Indian epics are marvelous gifts of the Indian people to the literature of the world. These epics are two in number, namely, the Ramayana and the Mahabharata. The Ramayana was authored by Valmiki and the Mahabharata by Vedavyasa. Both of these bards were Indian sages, but they were dark by complexion. This leaves a hint that they did not belong to the higher run of the Aryan society where men and women were sufficiently fair. Again the society was divided into classes and a very stringent caste system was at its base. Valmiki, as is said, was a robber in a dense forest and in the first part of his life he was simply a professional robber. Vedavyasa was the son of Satyabati and Satyabati was the daughter of a chieftain of a community of the fishermen. But Vedavyasa’s father was Shantanu, the king of Hastinapura. In the epics of India we find presence of a good number of women. As the two epics provide us with some accounts of the royal families in the main and as the crisis of political authority is what the bards have dealt with seriousness in their works, a reader is expected to experience the status of the women of the royal families. There are eulogies after eulogies showered over the women in the pages of these epics and they are huge enough to develop some biased views in respect of the status of the women. And for this very reason one may tend to be skeptic too. Let me be humble to look at these things and let me be honest to find the truth about the status of some of the important women portrayed in these epics.

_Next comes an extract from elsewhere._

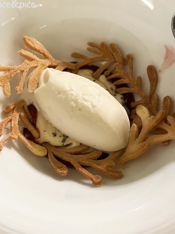 Na koncu su poslužena dva deserta – panna cotta od vanilije s umakom od jagoda i hrskavom meringom te pjenasti sladoled sa začinima i gelom od šipka sa smeđim maslacem. Niz od desetak petit foura – minijaturnih dragulja od čokolade, kolača i slatkiša nježno su zaokružili večer i dobro iskušali moju izdržljivost.

It may appear to a reader of the Ramayana that this grand epic has been written with the tears of Sita only. Who her parents were remained within the dusk and this nice soul was brought up by Janaka, a feudal king probably. Janaka actually collected her from the earth when he was plowing his field. Hence, to the truest sense of the term, she was not a princess. Sita was still a minor when she had to marry. She had fixed a condition that she must marry the king who would be able to break a heavy bow which was tagged to the name of Shiva. Shiva was an important god of the Aryans.
Ramachandra was the eldest son of Dasaratha and Dasaratha was the king of Ayodhya. Ramachandra married Sita after breaking the sacred bow. Soon after this marriage and just before the scheduled date for his coronation Ramachandra had to move to the forests of the southern India for a period of fourteen years. Once Dasaratha was cursed by one blind sage. The curse was that Dasaratha would have to die on account of seperation from his son. Actually Dasaratha, during one of his games, had once killed the only son of that sage by mistake. Sita followed Ramachandra leaving back the pomp and fun and luxuries of the royal palace. This was her own decision and no one had exerted any pressure on her. We should note that she could stay atAyodhya and no one would point a finger at her. But she followed her husband because of her sincere love and devotion for him and thus she had made up her mind to brave the uncertainty and insecurity of the forest life. She had no allegation against her husband. Such was she before Ravana, the king of Swarnolanka, chanced to deceive her and took her by force to the opposite side of the sea. Ravana failed to win her and had never earned a little bit of compassion from her even for a single moment. Sita remained confident that she would one day be released from the confinement of the beautiful garden of Ravana and that she would one day be won back by her dear husband. Ramachandra, with the help of an army of the monkeys, attacked the enemy’s kingdom and killed Ravana. Sita was freed finally. When Ramachandra was returning to Ayodhya in a magnificent flying cart Sita for the first time in her life came to know that the environment of trust and understanding had been severely poisoned. She was stunned when she heard from her husband that she had been released not because of the fact that Ramachandra had still retained something of his earlier love towards her. Sita was stunned to learn from her God-only husband that he had taken all the trouble to fight against Ravana in order to establish how manful he was. Yes, Sita learned from Ramachandra that he had killed Ravana and most of the male members of Swarnolanka in order to keep up the prestige and glory of his dynasty, that is, the dynasty of Ikshaku. Ramachandra was not a man to accept that Sita had been able to remain away from the lust of Ravana or that she had been spared. Sita learned this and she was doubly injured.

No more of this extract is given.